» Stored data
..............................
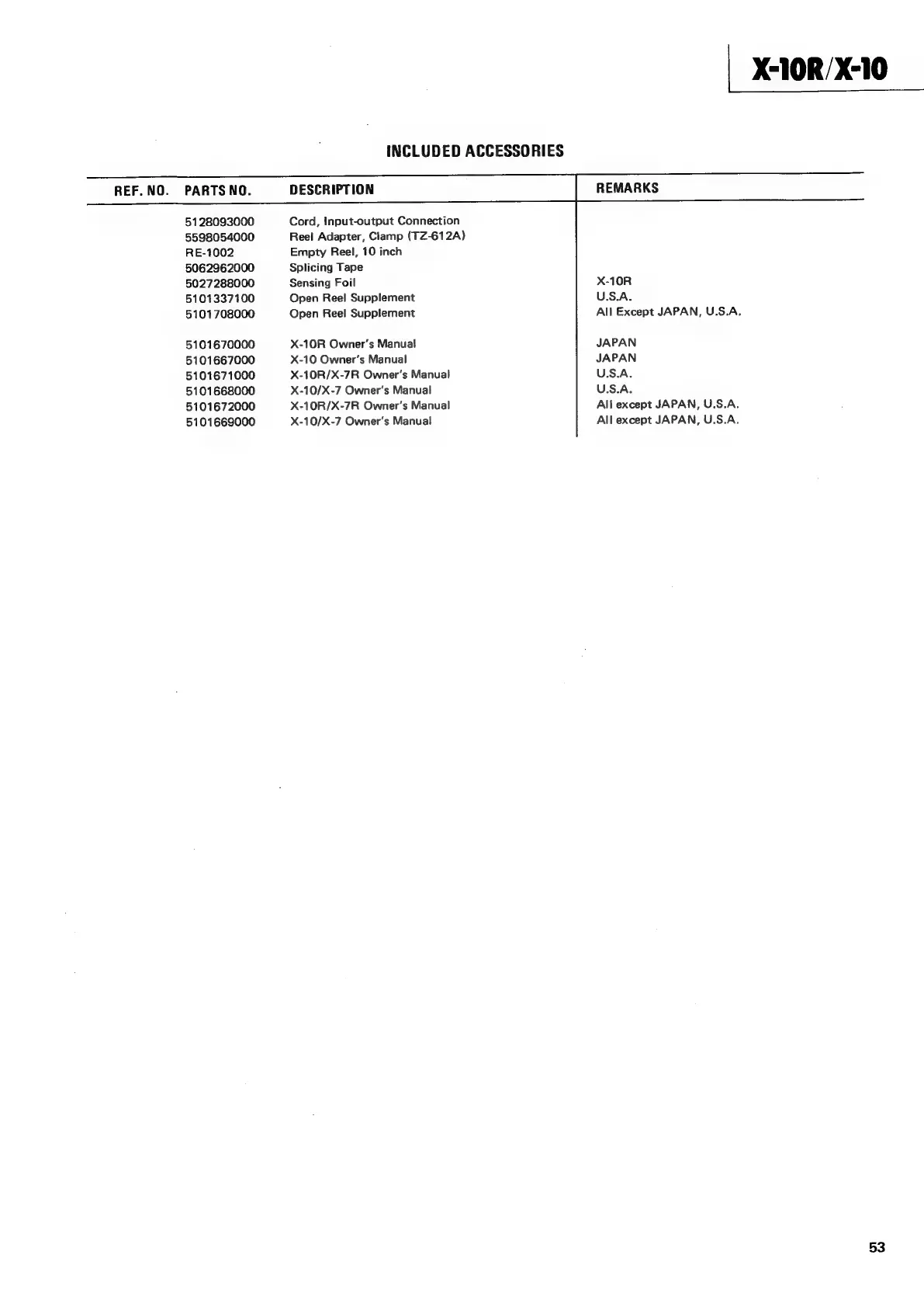 Teac X-10R - Included Accessories
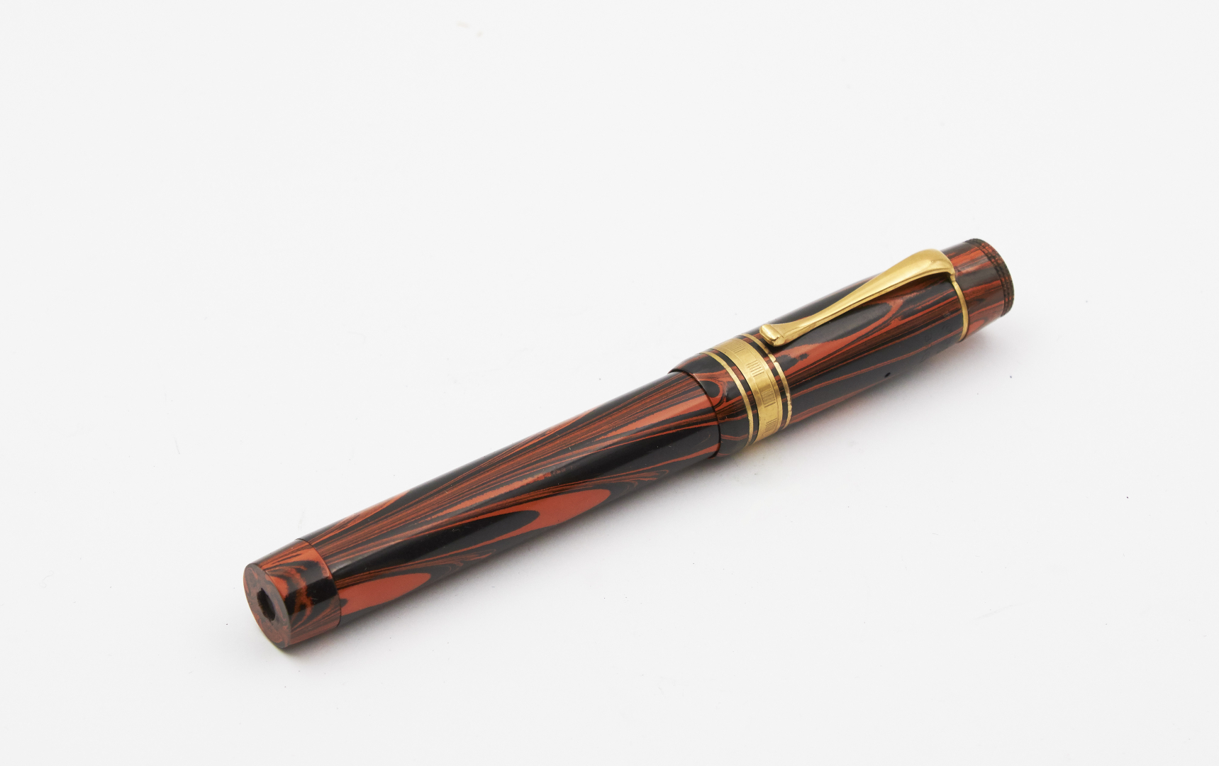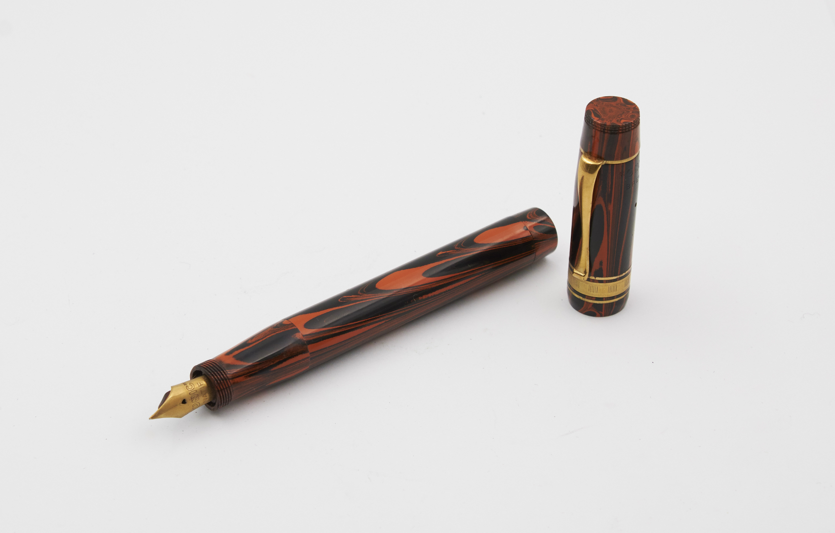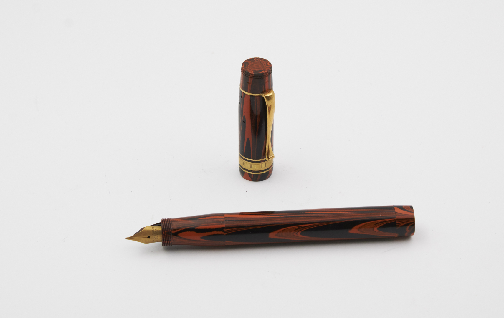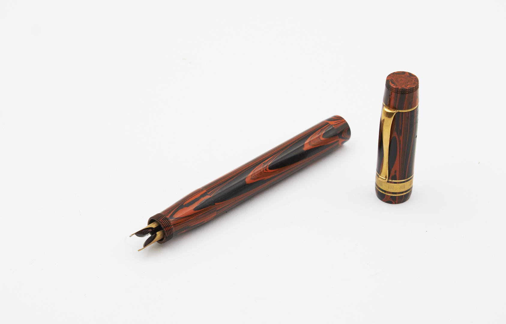 Signed 18K gold nibs, size F, double retractable nib, UNIC Duocolor Zerollo Brevet No. 728038, ripple red flamed ebonite.
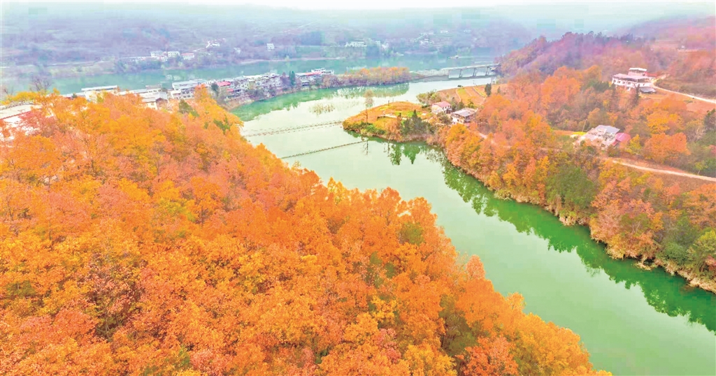 夕陽下的沙坪河,斑斕山林與澄澈水色繪就成一幅靈動的水鄉(xiāng)畫卷。郭浩 攝
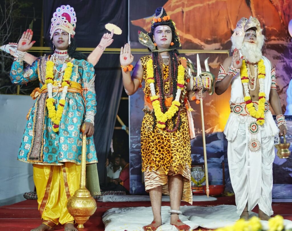 मुंबादेवी तरुण मंडळ साईगाव पालखीचे वतीने साध्वी अनुराधा दीदी पंढरपूरकर यांच्या रसाळ वाणीतून कोपरगाव येथे श्री शिव महापुराण कथा सुरू असून ब्रह्मा विष्णू महेश या पात्रांची सजावट करण्यात आली होती.
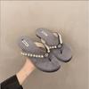 Perlen Zehensandalen Damen Zehensteg Pantoletten Ballerinas Sommer 2025 Trend Komfort Lässig Frau Elegant Sandalias Mujer
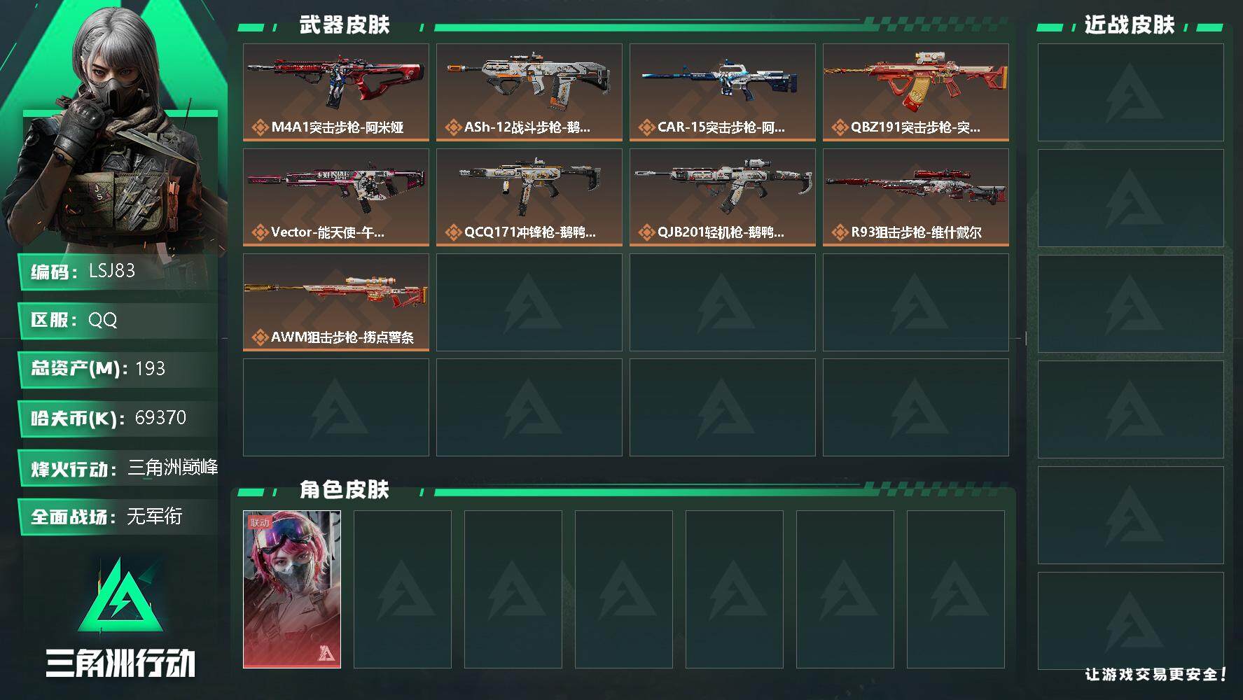 [13359388]【店主推荐捡漏号!可直接换绑】总资产139m【干员外观】:蛊-能天使午夜邮差 【传说级普通外观】:Vector冲锋枪-能天使-午夜邮差,M4A1突击步枪-阿米娅,ASh-12战斗步枪-鹅鸭杀,CAR-15突击步枪-阿米娅,AWM狙击步枪-捞点薯条,腾龙突击步枪-捞点薯条,QJB201轻机枪-鹅鸭杀,QCQ171冲锋枪-鹅鸭杀,R93狙击步枪-维什戴尔
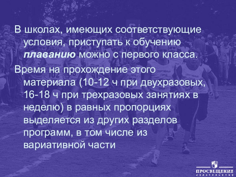 Слайд 13В школах, имеющих соответствующие условия, приступать к обучению плаванию можно с
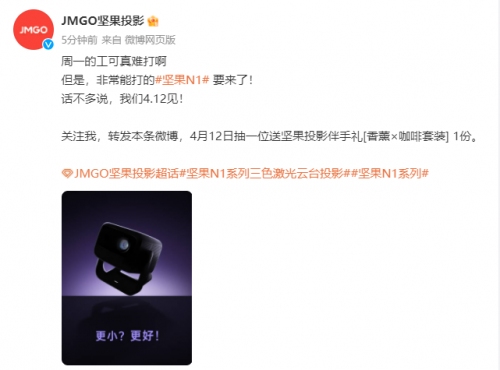 近日,JMGO投影儀在官博發(fā)布了關(guān)于新品預(yù)熱的概念海報,預(yù)告N1系列的第三款產(chǎn)品——N1投影儀將于4月12日首發(fā)上線,從海報內(nèi)容“更小?更好!”來看,堅果N1或?qū)硇峦黄?再度顛覆業(yè)界。
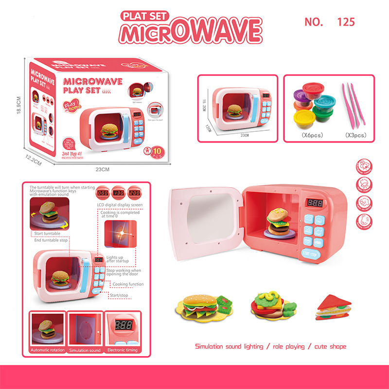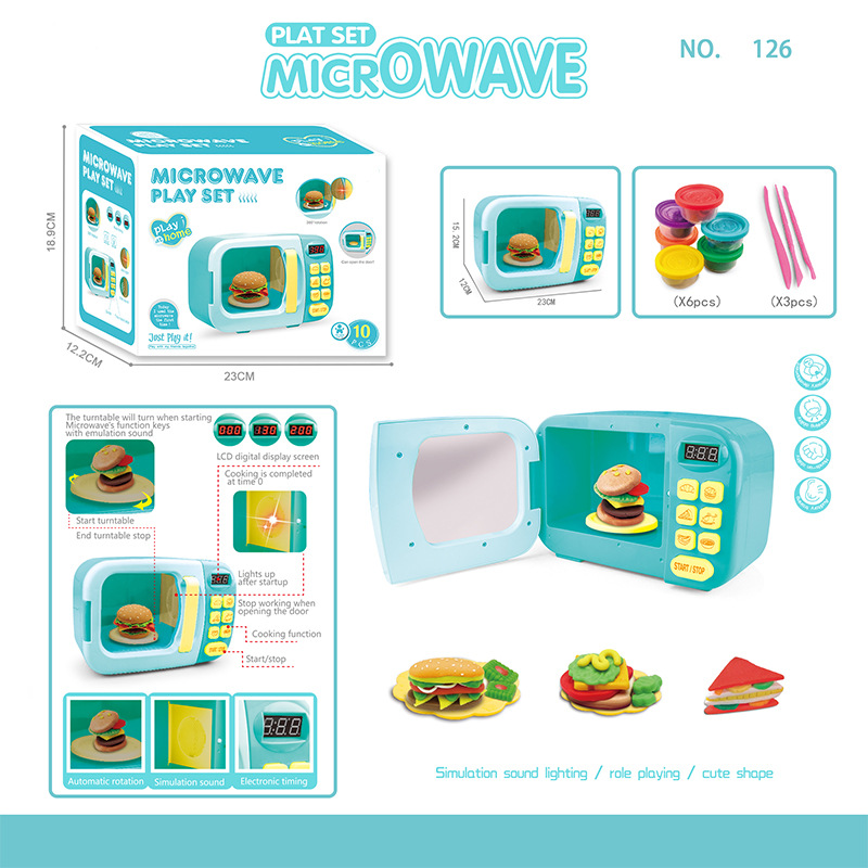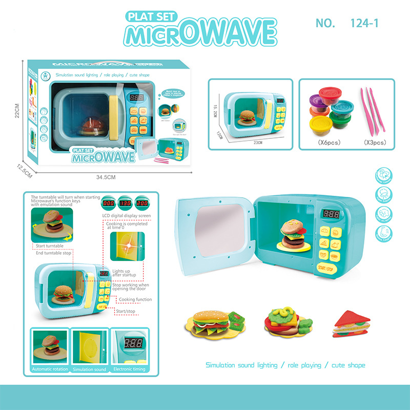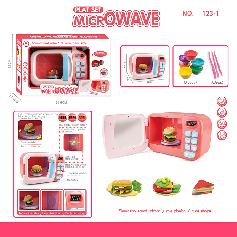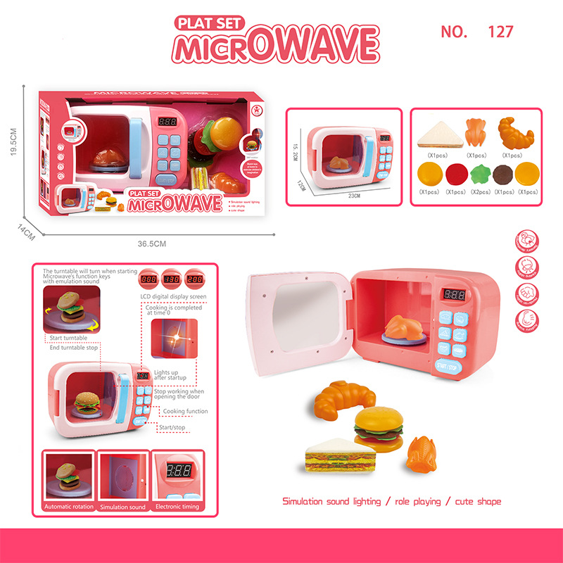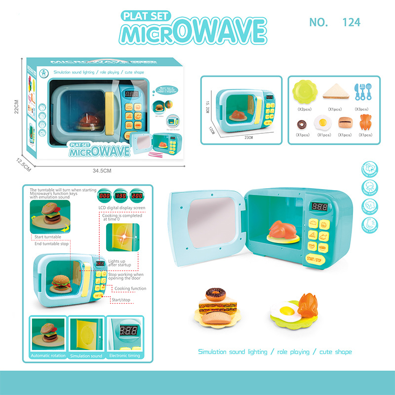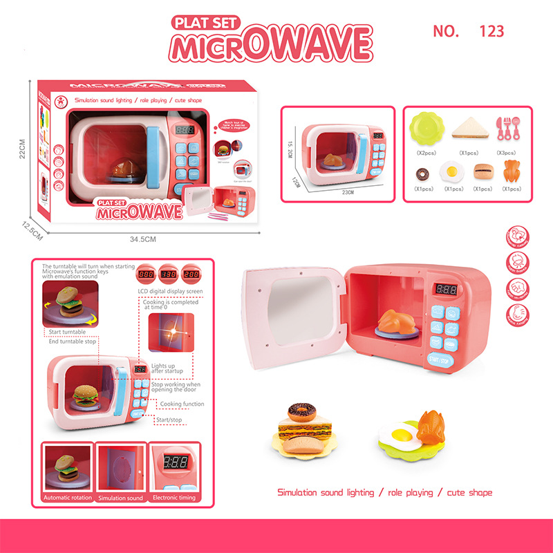跨境儿童过家家迷你厨房仿真小家电微波炉多功能声光电动玩具批发
..............................
» Problem description
Every entry above needs to be copied exactly, and no pictures go with it.

» Response
 Teac X-10R - Included Accessories
 Signed 18K gold nibs, size F, double retractable nib, UNIC Duocolor Zerollo Brevet No. 728038, ripple red flamed ebonite.
 夕陽下的沙坪河,斑斕山林與澄澈水色繪就成一幅靈動的水鄉(xiāng)畫卷。郭浩 攝
 मुंबादेवी तरुण मंडळ साईगाव पालखीचे वतीने साध्वी अनुराधा दीदी पंढरपूरकर यांच्या रसाळ वाणीतून कोपरगाव येथे श्री शिव महापुराण कथा सुरू असून ब्रह्मा विष्णू महेश या पात्रांची सजावट करण्यात आली होती.
 Perlen Zehensandalen Damen Zehensteg Pantoletten Ballerinas Sommer 2025 Trend Komfort Lässig Frau Elegant Sandalias Mujer
 [13359388]【店主推荐捡漏号!可直接换绑】总资产139m【干员外观】:蛊-能天使午夜邮差 【传说级普通外观】:Vector冲锋枪-能天使-午夜邮差,M4A1突击步枪-阿米娅,ASh-12战斗步枪-鹅鸭杀,CAR-15突击步枪-阿米娅,AWM狙击步枪-捞点薯条,腾龙突击步枪-捞点薯条,QJB201轻机枪-鹅鸭杀,QCQ171冲锋枪-鹅鸭杀,R93狙击步枪-维什戴尔
 Слайд 13В школах, имеющих соответствующие условия, приступать к обучению плаванию можно с
 近日,JMGO投影儀在官博發(fā)布了關(guān)于新品預(yù)熱的概念海報,預(yù)告N1系列的第三款產(chǎn)品——N1投影儀將于4月12日首發(fā)上線,從海報內(nèi)容“更小?更好!”來看,堅果N1或?qū)硇峦黄?再度顛覆業(yè)界。
跨境儿童过家家迷你厨房仿真小家电微波炉多功能声光电动玩具批发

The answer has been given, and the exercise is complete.